Allegations of not receiving the document was weakened during interrogation
The Ontario Court of Appeal has ruled that a beneficiary present during financial discussions in amending an insurance policy was a party to the subsequent agreement, despite allegations that they did not receive copies of the documents.
In Froud v. Froud, 2022 ONCA 59, the late Mollie Froud named her children, Richard and Susan Froud, as beneficiaries of her $1 million life insurance policy. Later, she amended the policy to name Susan as the sole beneficiary and Richard was gifted a house worth $450,000 in exchange for a payment of $155,000.
Richard filed a claim and asserted that he was entitled to one-half of the proceeds of the life insurance policy, as it was Mollie’s intention to treat her children equally. By maintaining the policy at $1 million, Susan had unduly benefited and should give Richard his share, he argued.
The trial judge rejected this argument.
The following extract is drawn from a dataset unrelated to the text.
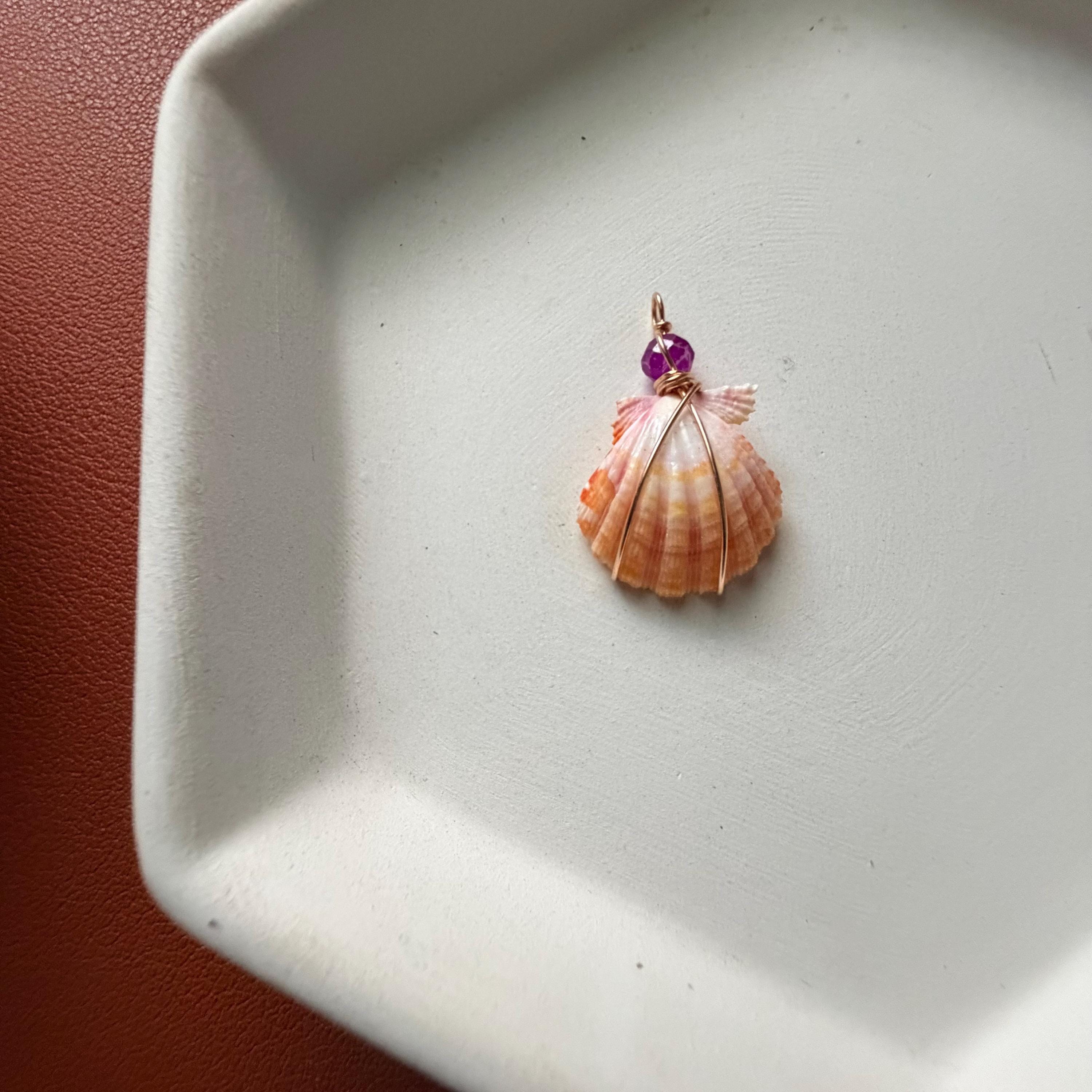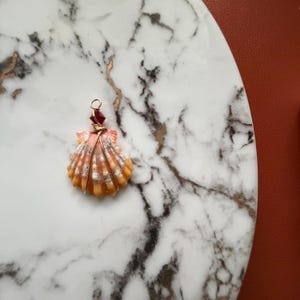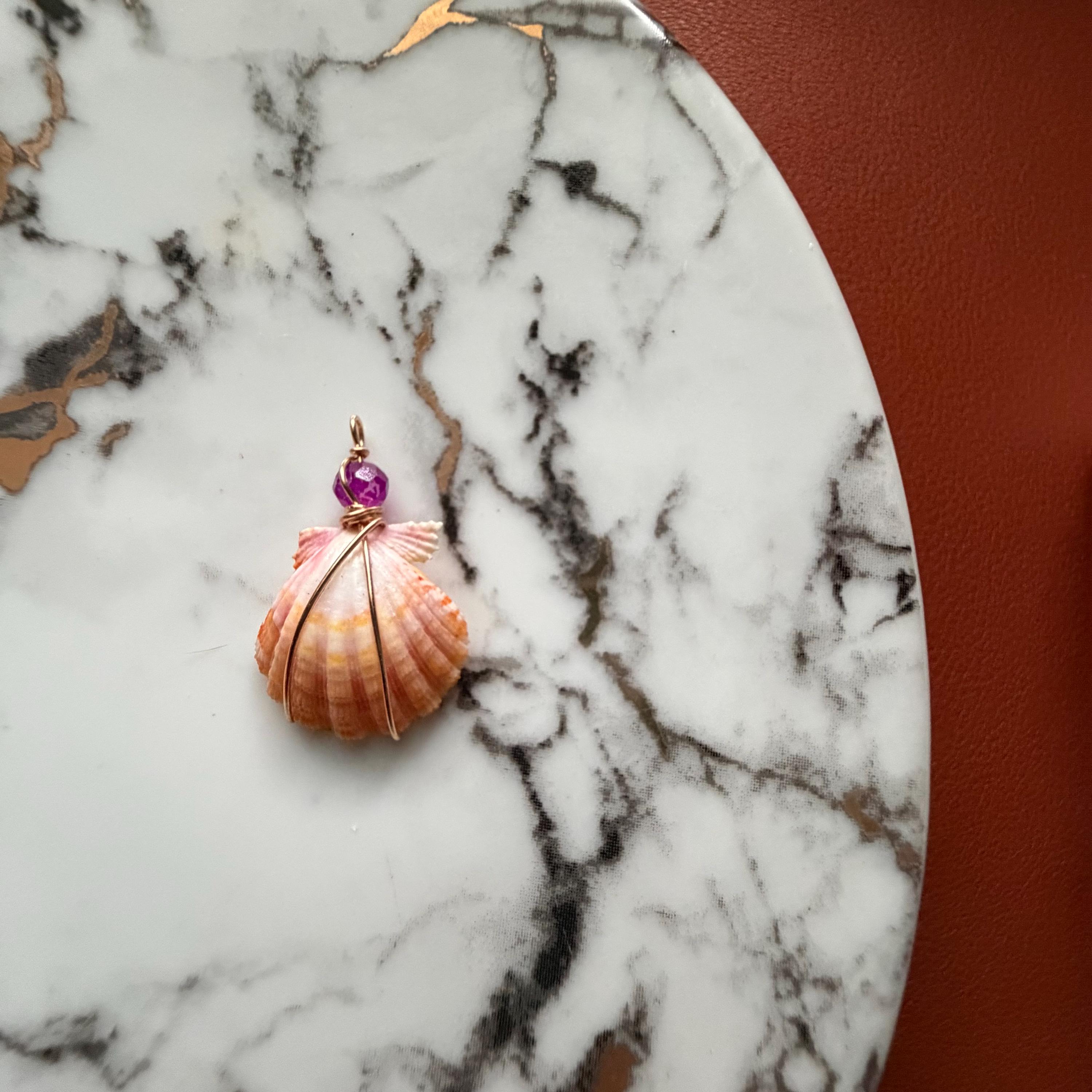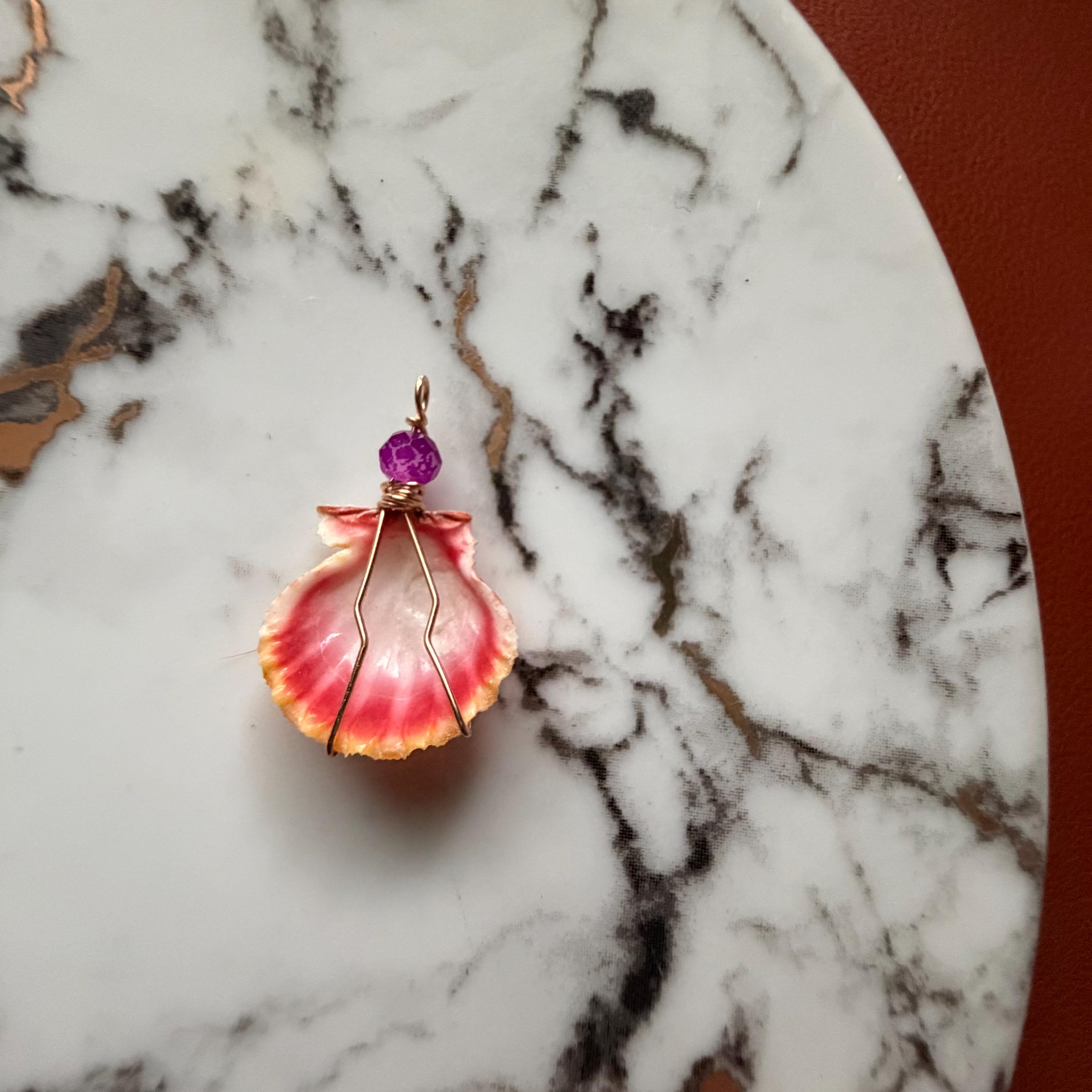 Waikiki Sunrise shell necklace with a simple pink accent. Sunrise shell is Nickel Size and is set in 14k Gold Filled. Can be bought as a necklace or pendant alone. This item is one of a kind contact me for personal pieces!

She found that the attached “Preliminary Inheritance” document did not contain an agreement that the policy was to be reduced to $500,000. Had there been any discussions on the alleged reduction, the trial judge found that it was “only one option, among several, that had been discussed.”
Further, she also found that the family dynamics had changed by the time the agreement was made, since Richard had benefited from living in Mollie’s house rent-free for 13 years and Susan had been helping Mollie during her serious health challenges.
Richard appealed, claiming that the trial judge made a palpable and overriding error when she found that Richard was a party to the “Preliminary Inheritance” agreement despite him denying receipt of the document.
The appellate court disagreed, ruling that the trial judge was entitled to rely on Susan’s evidence that a copy of the document was given to Richard. She also considered that Richard was unable to say during cross examination that he didn’t receive the document during the financial discussions, said the court.